• [Information shown]:

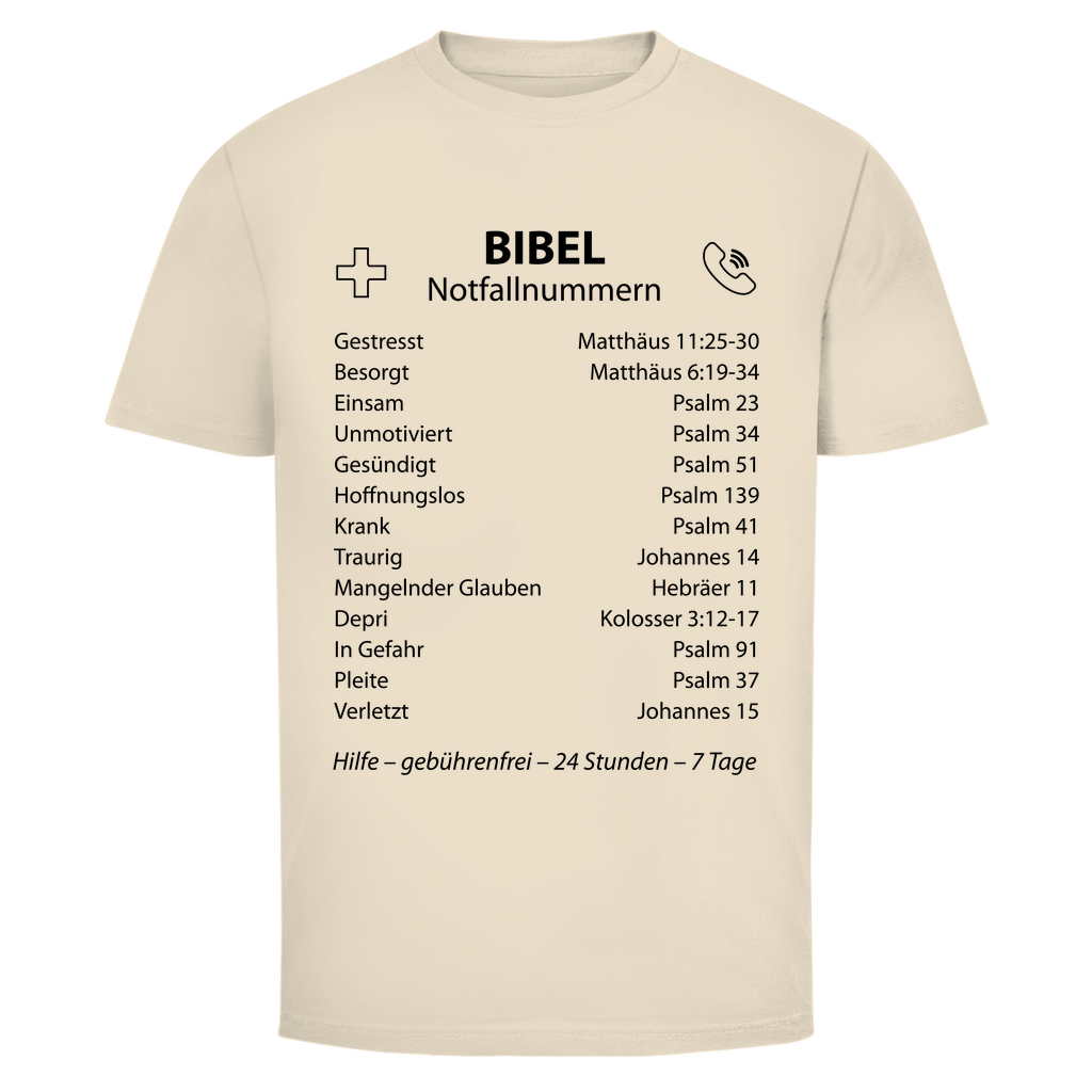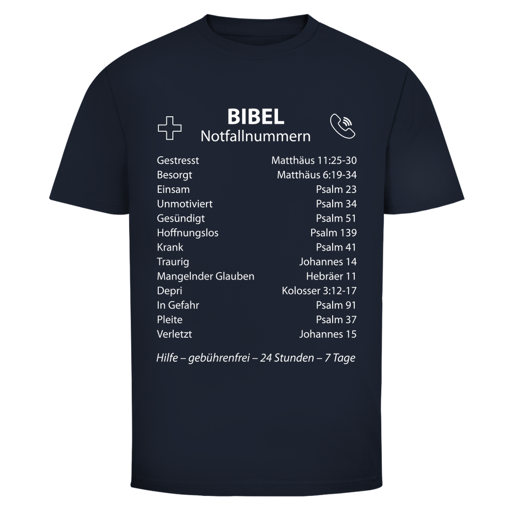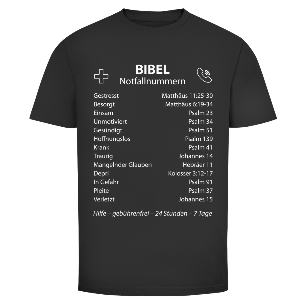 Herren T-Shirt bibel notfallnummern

==

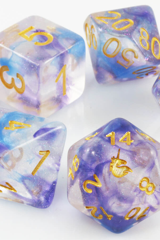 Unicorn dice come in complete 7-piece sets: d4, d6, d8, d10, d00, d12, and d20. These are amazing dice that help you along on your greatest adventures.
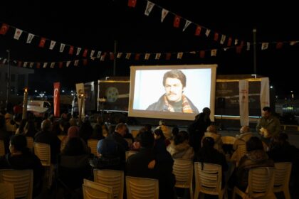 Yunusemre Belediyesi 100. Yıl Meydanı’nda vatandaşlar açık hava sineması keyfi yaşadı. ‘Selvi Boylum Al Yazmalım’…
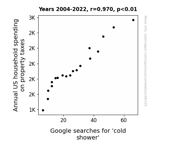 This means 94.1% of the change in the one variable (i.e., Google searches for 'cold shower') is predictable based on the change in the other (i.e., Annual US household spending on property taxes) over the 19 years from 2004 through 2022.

---

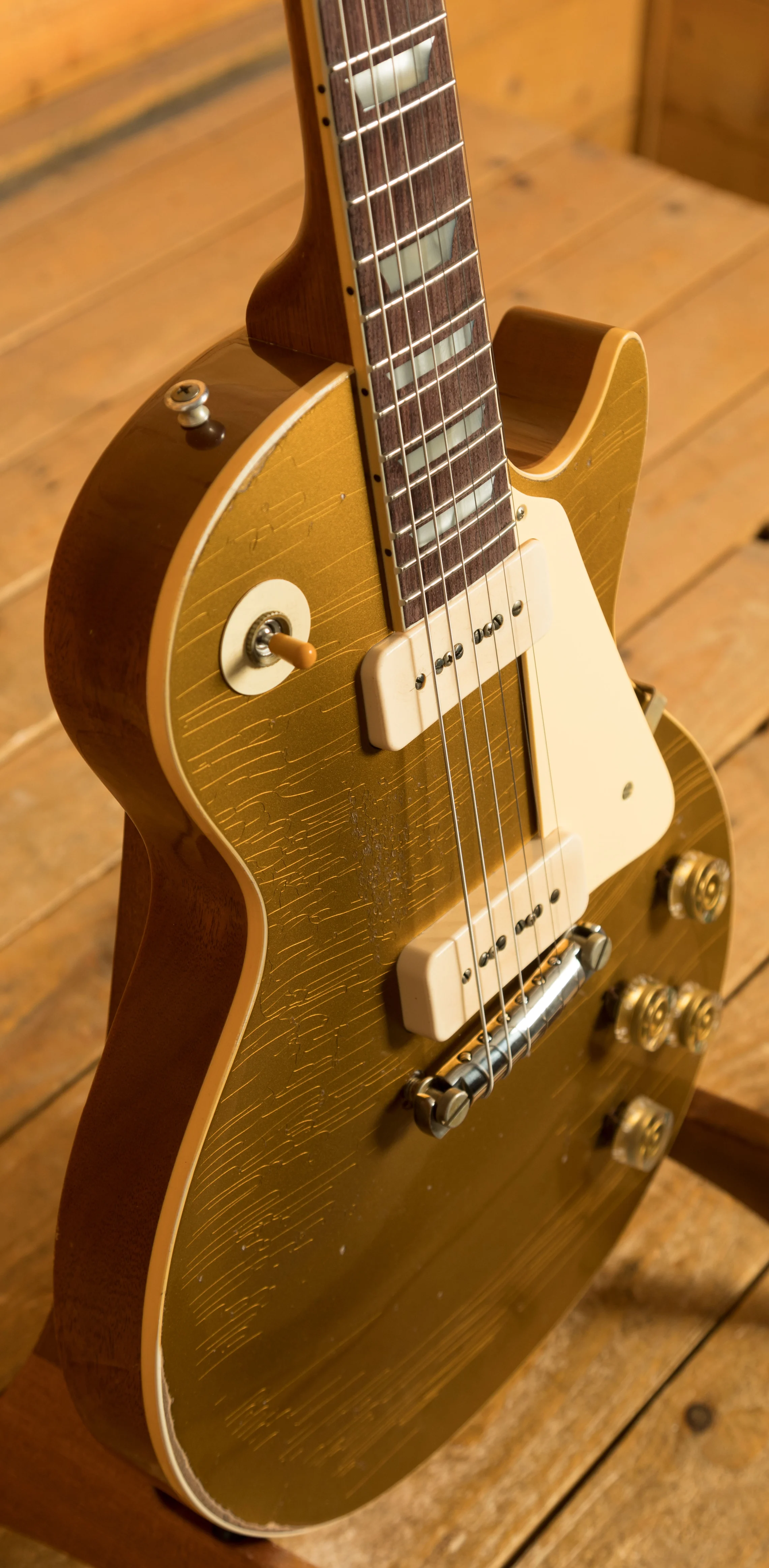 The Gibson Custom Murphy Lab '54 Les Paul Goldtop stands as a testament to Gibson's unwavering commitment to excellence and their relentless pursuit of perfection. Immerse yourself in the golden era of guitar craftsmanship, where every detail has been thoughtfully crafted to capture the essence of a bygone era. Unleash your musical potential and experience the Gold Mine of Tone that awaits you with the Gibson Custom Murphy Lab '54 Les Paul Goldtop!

• [Your goal]: Leave out every picture, and copy exactly the lines above starting at the one holding "Unicorn dice come" and ending at the one holding "This means 94.1%", no more and no less.

• [Solution below]:
 Unicorn dice come in complete 7-piece sets: d4, d6, d8, d10, d00, d12, and d20. These are amazing dice that help you along on your greatest adventures.
 Yunusemre Belediyesi 100. Yıl Meydanı’nda vatandaşlar açık hava sineması keyfi yaşadı. ‘Selvi Boylum Al Yazmalım’…
 This means 94.1% of the change in the one variable (i.e., Google searches for 'cold shower') is predictable based on the change in the other (i.e., Annual US household spending on property taxes) over the 19 years from 2004 through 2022.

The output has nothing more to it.